Aus diesen Mitteln sind aber alle Pflichtaufgaben der Gemeinde, wie der Brand- und Katastrophenschutz, der Betrieb der Kindertagesstätte, Straßen- und Gewässerunterhaltung, Zinsen für die aufgenommenen Kredite, die gesamte Verwaltungstätigkeit für Sollstedt und Rehungen u.v.m. zu bestreiten, hinzu kommen Ausgaben für sog. freiwillige Aufgaben, wozu die Betreuung unserer Jugendlichen und Senioren ebenso zählt wie die Unterstützung von Vereinen, die wir aber trotz der Deklaration als „freiwillig“ im Interesse unseres Gemeinwohls für unabdingbar halten. Zu dieser Auffassung kamen jedenfalls übereinstimmend die Mitglieder des Haupt- und Finanzausschusses, die am Abend des 16.08.2006 zu ihrer nunmehr dritten außerordentlichen Sitzung seit Bekanntgabe der Schließungsabsichten am 13.07.2006 zusammentraten.
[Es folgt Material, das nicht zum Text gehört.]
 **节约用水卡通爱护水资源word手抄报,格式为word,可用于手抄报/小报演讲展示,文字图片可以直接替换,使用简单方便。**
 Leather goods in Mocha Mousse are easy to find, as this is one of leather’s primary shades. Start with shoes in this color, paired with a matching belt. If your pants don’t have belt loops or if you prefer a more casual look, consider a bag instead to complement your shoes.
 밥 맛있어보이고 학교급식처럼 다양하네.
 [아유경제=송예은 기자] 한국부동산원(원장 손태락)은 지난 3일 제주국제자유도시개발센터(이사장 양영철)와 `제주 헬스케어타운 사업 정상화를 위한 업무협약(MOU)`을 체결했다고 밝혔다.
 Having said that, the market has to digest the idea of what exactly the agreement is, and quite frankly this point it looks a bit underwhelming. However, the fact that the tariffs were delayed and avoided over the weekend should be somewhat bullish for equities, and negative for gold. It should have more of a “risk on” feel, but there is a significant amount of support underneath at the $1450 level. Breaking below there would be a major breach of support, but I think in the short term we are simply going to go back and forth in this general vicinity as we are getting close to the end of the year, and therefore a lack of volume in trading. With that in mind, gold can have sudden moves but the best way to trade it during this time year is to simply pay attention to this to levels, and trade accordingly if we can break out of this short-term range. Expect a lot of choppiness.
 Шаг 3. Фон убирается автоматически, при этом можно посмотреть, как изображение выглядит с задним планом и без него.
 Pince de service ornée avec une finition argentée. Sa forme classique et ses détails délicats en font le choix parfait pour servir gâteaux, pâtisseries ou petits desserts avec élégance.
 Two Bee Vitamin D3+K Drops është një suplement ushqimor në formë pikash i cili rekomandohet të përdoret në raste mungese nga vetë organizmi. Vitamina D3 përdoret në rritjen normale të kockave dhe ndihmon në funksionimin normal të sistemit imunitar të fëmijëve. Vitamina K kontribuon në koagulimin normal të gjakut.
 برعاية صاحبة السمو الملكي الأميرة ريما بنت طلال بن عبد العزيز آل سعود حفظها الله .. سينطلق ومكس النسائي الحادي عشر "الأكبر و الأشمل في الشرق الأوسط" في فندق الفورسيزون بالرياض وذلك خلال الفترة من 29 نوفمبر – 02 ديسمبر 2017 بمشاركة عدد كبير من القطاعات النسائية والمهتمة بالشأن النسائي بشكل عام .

Die vorgelegten Zahlen zum Weiterbetrieb reichen für eine Entscheidungsfindung nicht aus, so dass die Service GmbH mit Schreiben von heute um Konkretisierung gebeten wurde. Erforderlicher kurz-, mittel- und langfristiger Investitionsbedarf soll gar erst nach einer Objektbegehung, die am 09.08.2006 stattfand, nunmehr ermittelt werden, was uns um so mehr erstaunte, als bereits im Juli im Kreisausschuss entsprechende Summen in der Größenordnung von insgesamt mindestens 200.000 Euro genannt wurden und für die Begründung der Schließungsabsicht herhalten mussten.
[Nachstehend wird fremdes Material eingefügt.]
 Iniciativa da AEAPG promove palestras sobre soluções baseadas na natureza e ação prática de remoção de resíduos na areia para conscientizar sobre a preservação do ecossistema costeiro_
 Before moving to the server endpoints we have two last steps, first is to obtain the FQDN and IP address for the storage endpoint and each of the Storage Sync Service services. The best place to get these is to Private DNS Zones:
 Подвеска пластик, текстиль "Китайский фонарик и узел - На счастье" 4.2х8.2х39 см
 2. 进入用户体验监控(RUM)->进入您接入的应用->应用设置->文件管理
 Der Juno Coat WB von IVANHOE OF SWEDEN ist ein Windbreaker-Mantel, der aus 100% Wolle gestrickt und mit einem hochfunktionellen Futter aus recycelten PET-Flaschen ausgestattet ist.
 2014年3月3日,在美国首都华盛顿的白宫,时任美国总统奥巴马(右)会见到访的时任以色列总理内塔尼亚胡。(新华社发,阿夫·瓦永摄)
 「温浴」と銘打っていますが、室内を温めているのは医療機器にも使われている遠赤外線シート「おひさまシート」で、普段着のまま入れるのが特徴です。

Zahlreiche Anfragen, die die Gemeindeverwaltung Sollstedt in den letzten Tagen von Bürgerinnen und Bürgern sowie Einrichtungen in der Region erreichten, belegen eindrucksvoll, dass ein erheblicher Informationsbedarf besteht, der durch uns aber in keiner Weise befriedigt werden kann, weil wir derzeit gleichermaßen „im Dunkeln tappen“. Bleibt für alle die bittere Erkenntnis, dass möglicherweise die Schwimmhalle Sollstedt ein Bauernopfer der seit Jahren verfehlten Finanzpolitik des Landkreises wird, denn bei einem Fehlbetrag von 10 Millionen Euro schon zum Ende des Jahres 2005 sind die durch die Schließung ggf. jährlich zu sparenden 50.000 Euro nicht mehr als der berühmte Tropfen auf dem heißen Stein. In unserer Region geht aber damit ein gutes Stück Lebensqualität den Bach hinunter!

Wir wollen das, so die einhellige Auffassung auch im Haupt- und Finanzausschuss, nicht so einfach hinnehmen.